## Your assignment
The reply must consist of the complete listing, reproduced exactly, with no images included.

***** The data *****

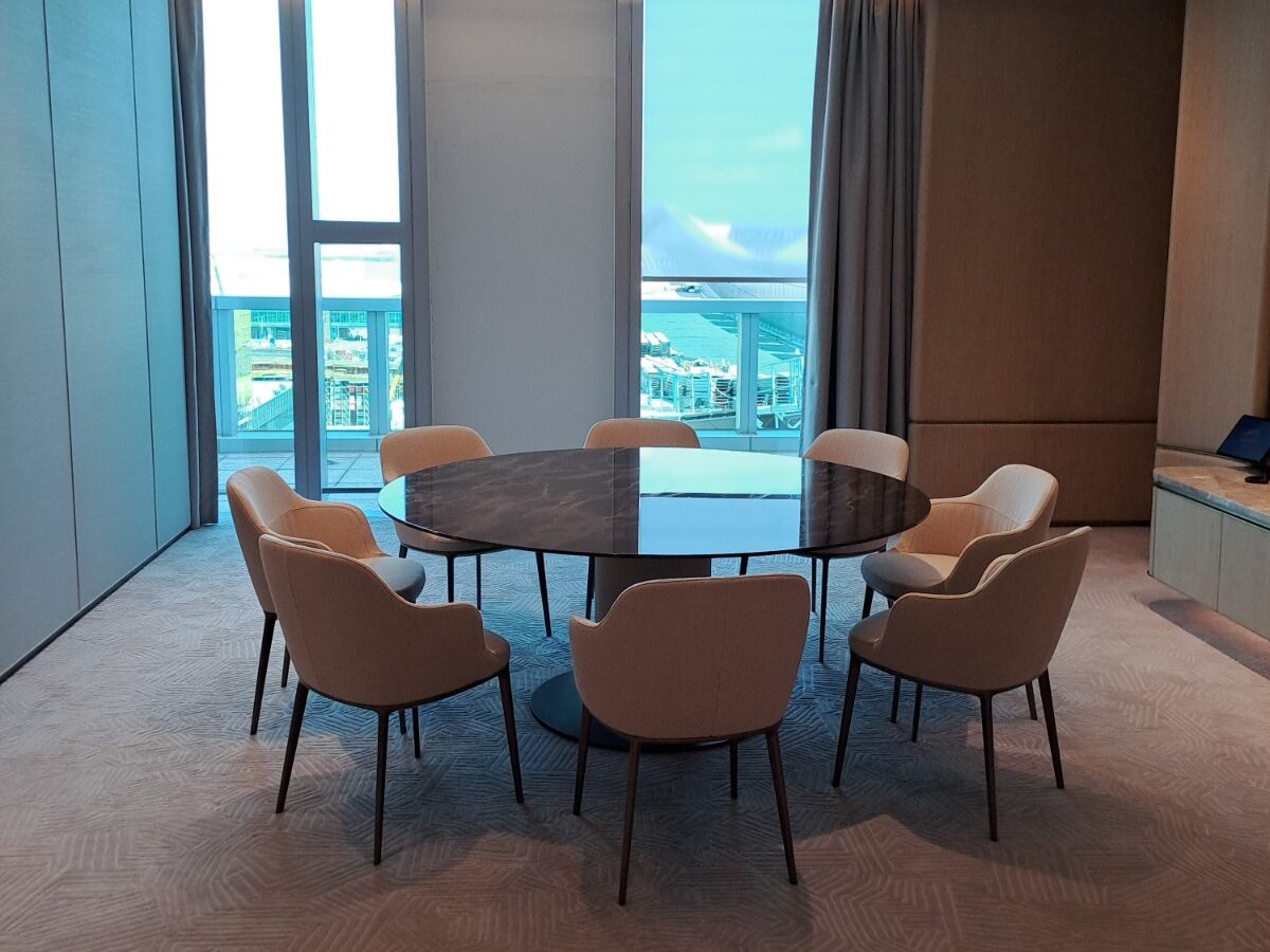 TCG delivered the retrofit of executive meeting and reception spaces at Level 7 of HKIA Tower, transforming 2,691 sq.ft. through phased demolition, fit-out, and MEP upgrades. The scope covered multiple boardrooms, meeting rooms, guest reception, and storage areas, supported by full mock-ups and enabling works. Executed within a tightly controlled airport environment, the project balanced precision and coordination, proving that even small spaces can carry big conversations.
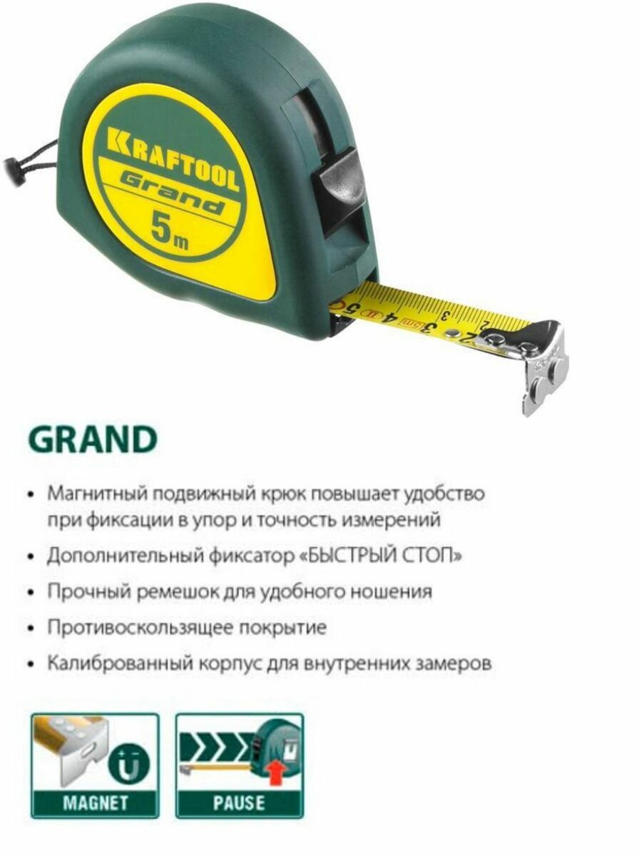 KRAFTOOL 5 м х 19 мм, рулетка GRAND 34022-05-19 интересное:
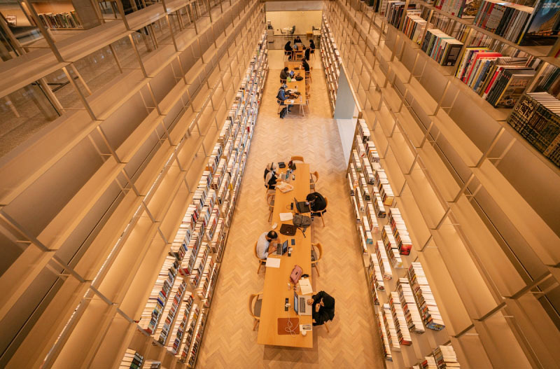 وعلى مساحة 12 ألف متر مربع يستقبل الزائر المكان بتصميمه الزجاجي وبسقفه المعدني البارز والشاهق وبحدائقه المحيطة التي تضم 331 شجرة ونوافير مائية، ليأخذك في جولة استثنائية بين رفوف تضم أكثر من 300 ألف عنوان في مختلف الحقول والتخصصات، منها 11 بلغات مختلفة و105 آلاف كتاب ورقي ونحو 250 ألف كتاب إلكتروني.
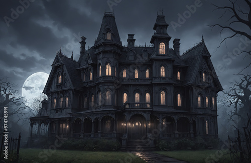 halloween, night, skittish, eerie, atmosphere, dark, gothic, horror, fright, october, festive, decoration, haunted, scarey, silhouette, mystery, fantasy, moonlight, shadow, architecture, creepy, ghost, sorcerer, pumpkin, thrill, imagination, autumn
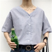 條紋洗水短袖襯衫 [上衣] [襯衫]
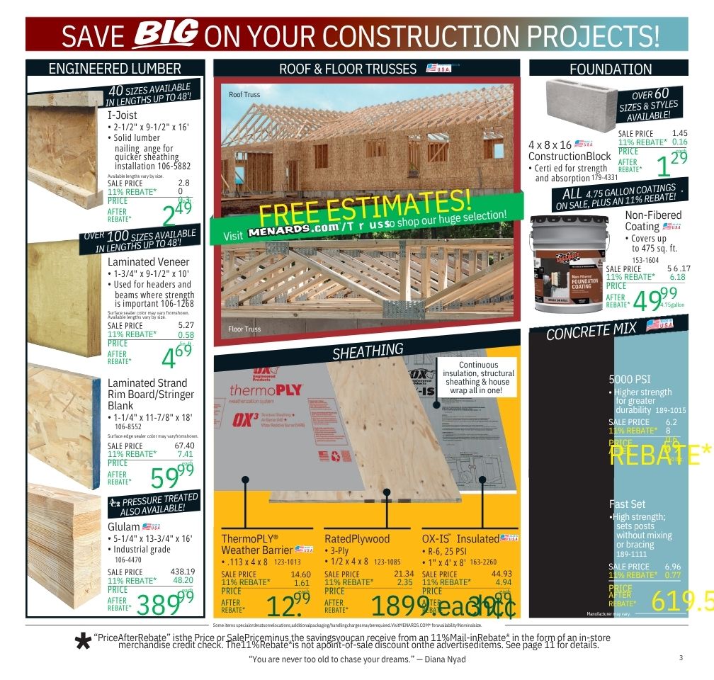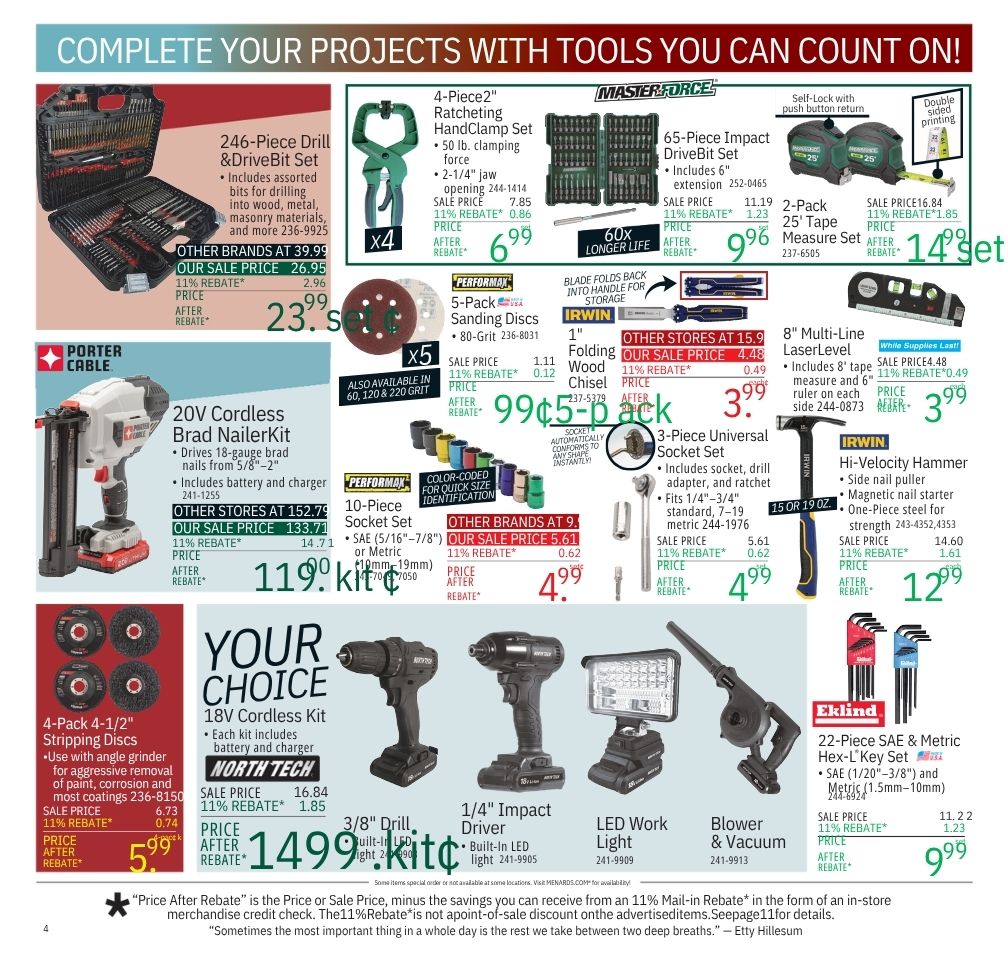 Looking for tools or supplies? The Menards weekly ad often has big savings on drills, hand tools, screws, wood, and other hardware. Builders and DIY fans can find deals on all kinds of building materials. Check your local flyer to get the best price near you.
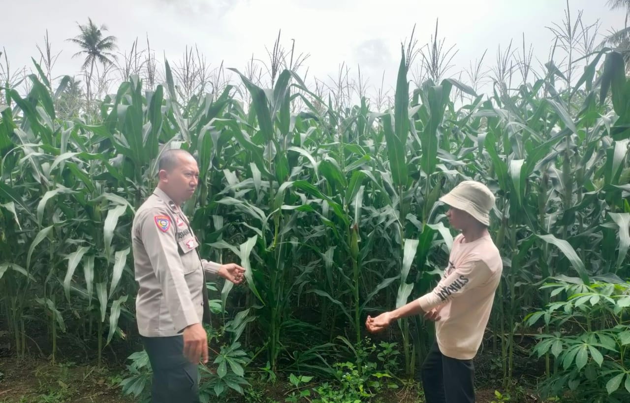 Personil Polsek Anyar Monitoring Tanaman Jagung di Kewilayahan
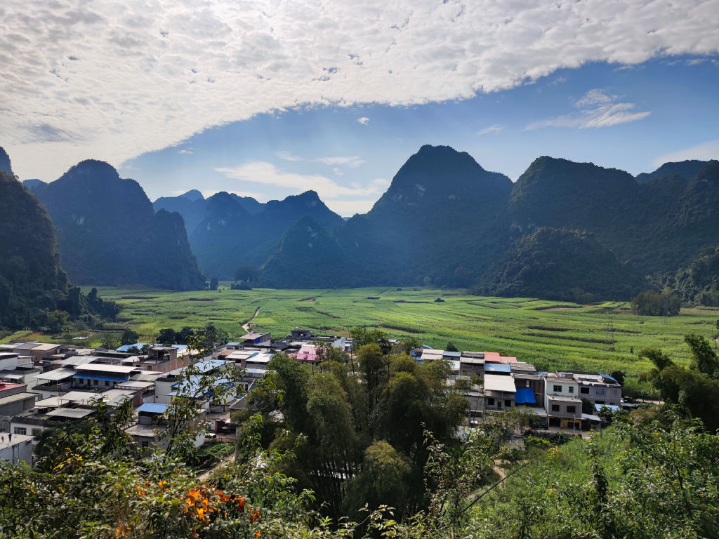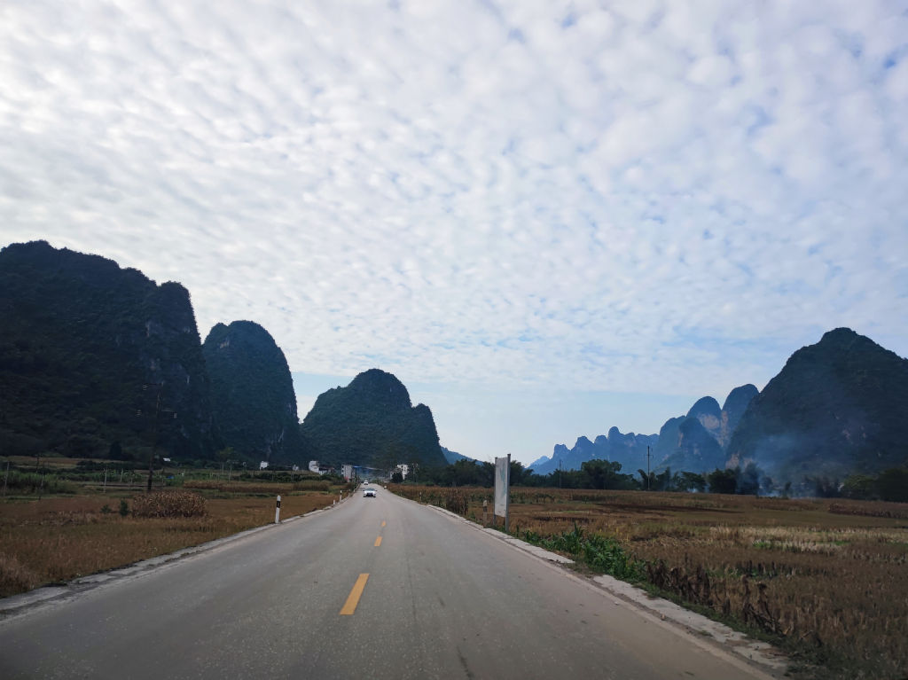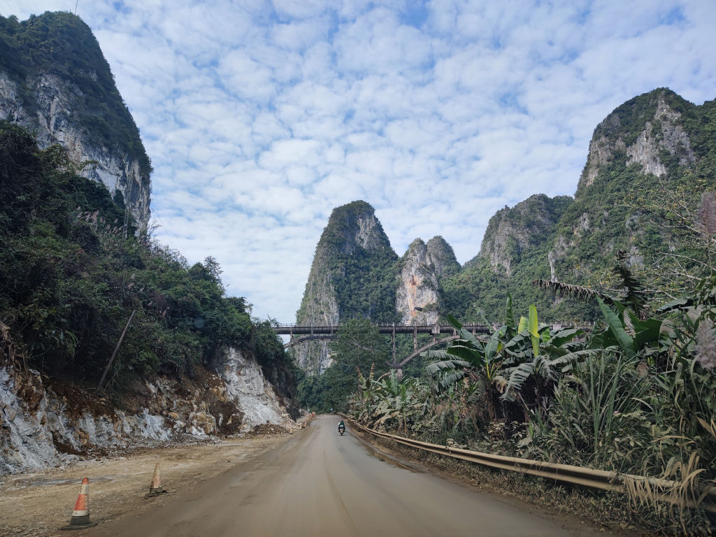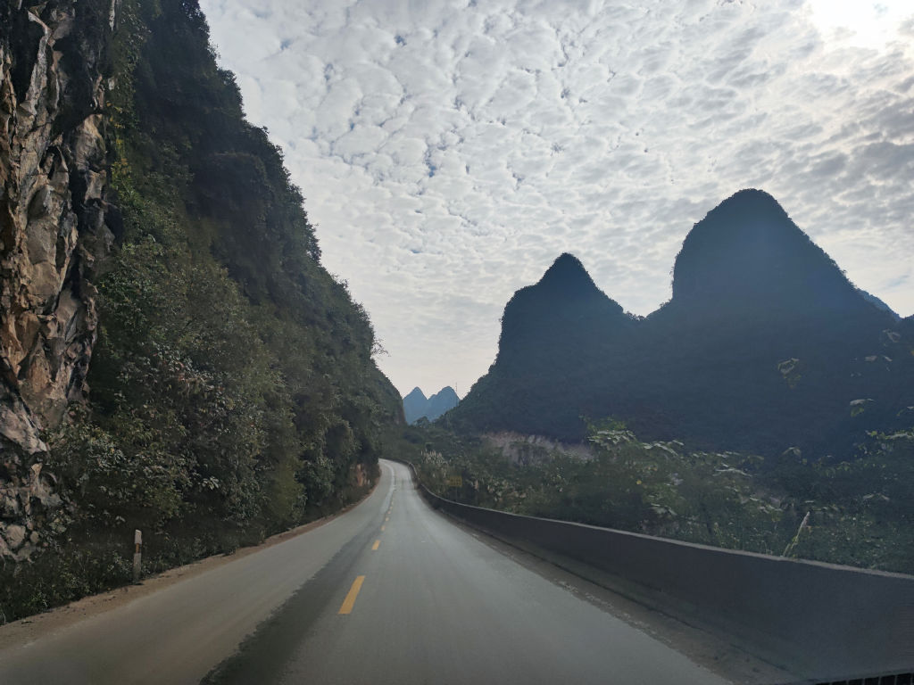 La route G219 part de la côte Sud Ouest de la Mer de Chine du Sud en bordure du Vietnam, à Fangchenggang et longe la frontière de la Chine jusqu’à la Russie, sur plus de 10 000 kilomètres. Elle suit le contour de la frontière, et traverse les plus beaux paysages du pays. Du littoral de Fangchenggang, aux paysages de Karst du Guangxi où nous nous trouvons actuellement, puis les zones tropicales du Yunnan, avant de monter sur le plateau tibétain, pour redescendre vers le désert du Xinjiang et les paysages alpins du Nord du Xinjiang avant d’arriver à la frontière russe. Assurément un plan de voyage qui ferait rêver tout voyageur, mais qui est bien sur off-limit pour les étrangers en solitaire de toute façon sur sa partie tibétaine. Aujourd’hui, nous allons en déguster une toute petite partie, sur la municipalité de Chongzuo, entre Mingshi et Detian. Et cette partie va nous mettre l’eau à la bouche. La route serpente au milieu des karsts vertigineux.
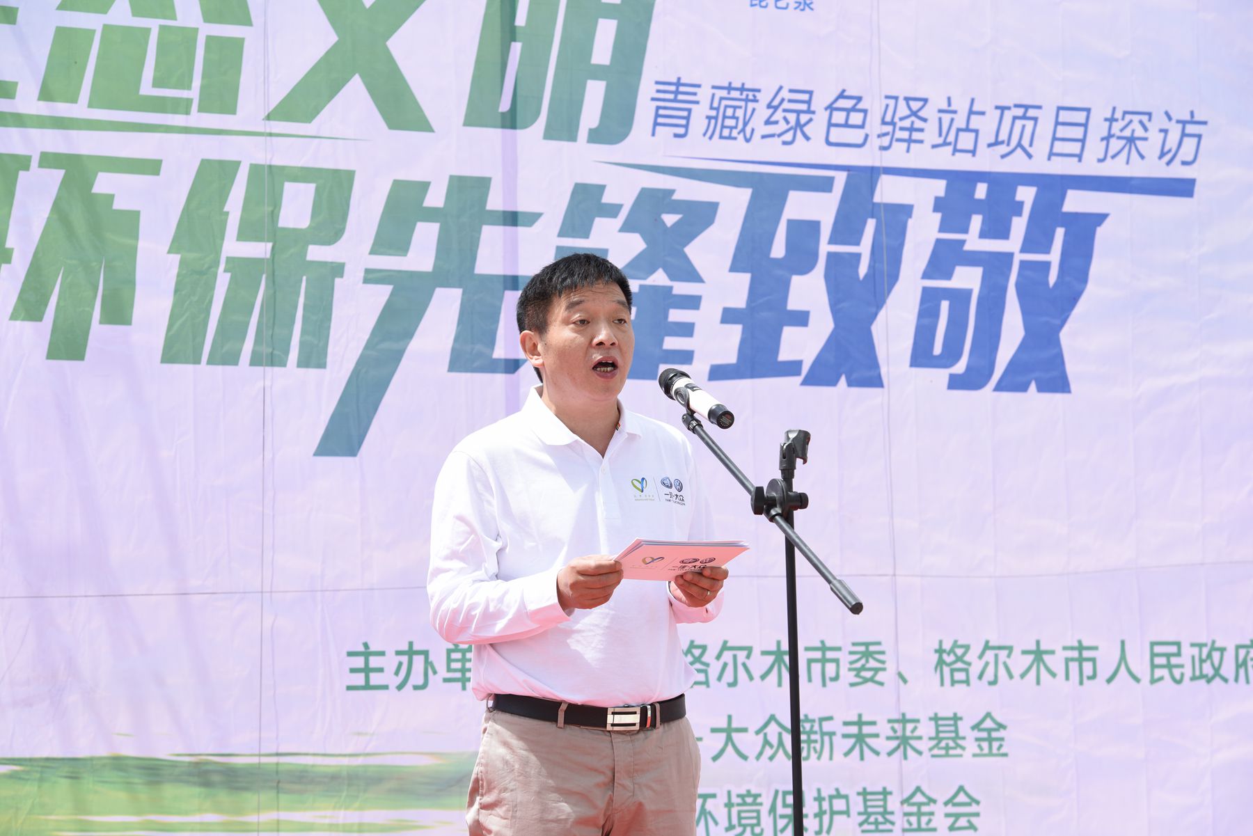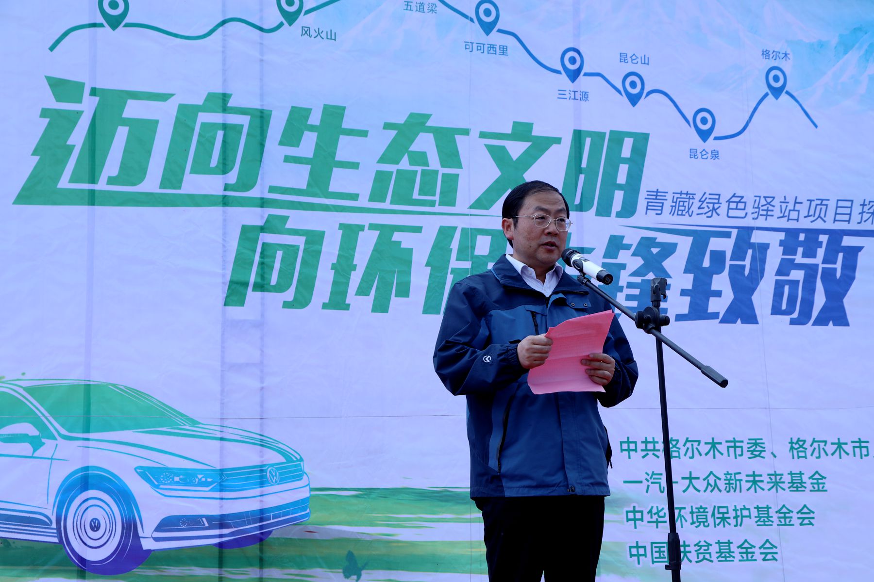 青藏绿色驿站项目得到青海省海西州大力支持,此次活动,海西州政协副主席刘颜成先生宣读海西州政府发来的贺信。在贺信中提到“青藏高原是世界上海拔最高的独特的地理单元,也是我国和全球重要的生态屏障,生态环保工作显得尤为重要,‘青藏绿色驿站’将政府、企业各方面的力量凝聚一身,为青藏公路生态环保事业发展摸索出了一条新路,意义非凡。”

*****

## Expected answer
 TCG delivered the retrofit of executive meeting and reception spaces at Level 7 of HKIA Tower, transforming 2,691 sq.ft. through phased demolition, fit-out, and MEP upgrades. The scope covered multiple boardrooms, meeting rooms, guest reception, and storage areas, supported by full mock-ups and enabling works. Executed within a tightly controlled airport environment, the project balanced precision and coordination, proving that even small spaces can carry big conversations.
 KRAFTOOL 5 м х 19 мм, рулетка GRAND 34022-05-19 интересное:
 وعلى مساحة 12 ألف متر مربع يستقبل الزائر المكان بتصميمه الزجاجي وبسقفه المعدني البارز والشاهق وبحدائقه المحيطة التي تضم 331 شجرة ونوافير مائية، ليأخذك في جولة استثنائية بين رفوف تضم أكثر من 300 ألف عنوان في مختلف الحقول والتخصصات، منها 11 بلغات مختلفة و105 آلاف كتاب ورقي ونحو 250 ألف كتاب إلكتروني.
 halloween, night, skittish, eerie, atmosphere, dark, gothic, horror, fright, october, festive, decoration, haunted, scarey, silhouette, mystery, fantasy, moonlight, shadow, architecture, creepy, ghost, sorcerer, pumpkin, thrill, imagination, autumn
 條紋洗水短袖襯衫 [上衣] [襯衫]
 Looking for tools or supplies? The Menards weekly ad often has big savings on drills, hand tools, screws, wood, and other hardware. Builders and DIY fans can find deals on all kinds of building materials. Check your local flyer to get the best price near you.
 Personil Polsek Anyar Monitoring Tanaman Jagung di Kewilayahan
 La route G219 part de la côte Sud Ouest de la Mer de Chine du Sud en bordure du Vietnam, à Fangchenggang et longe la frontière de la Chine jusqu’à la Russie, sur plus de 10 000 kilomètres. Elle suit le contour de la frontière, et traverse les plus beaux paysages du pays. Du littoral de Fangchenggang, aux paysages de Karst du Guangxi où nous nous trouvons actuellement, puis les zones tropicales du Yunnan, avant de monter sur le plateau tibétain, pour redescendre vers le désert du Xinjiang et les paysages alpins du Nord du Xinjiang avant d’arriver à la frontière russe. Assurément un plan de voyage qui ferait rêver tout voyageur, mais qui est bien sur off-limit pour les étrangers en solitaire de toute façon sur sa partie tibétaine. Aujourd’hui, nous allons en déguster une toute petite partie, sur la municipalité de Chongzuo, entre Mingshi et Detian. Et cette partie va nous mettre l’eau à la bouche. La route serpente au milieu des karsts vertigineux.
 青藏绿色驿站项目得到青海省海西州大力支持,此次活动,海西州政协副主席刘颜成先生宣读海西州政府发来的贺信。在贺信中提到“青藏高原是世界上海拔最高的独特的地理单元,也是我国和全球重要的生态屏障,生态环保工作显得尤为重要,‘青藏绿色驿站’将政府、企业各方面的力量凝聚一身,为青藏公路生态环保事业发展摸索出了一条新路,意义非凡。”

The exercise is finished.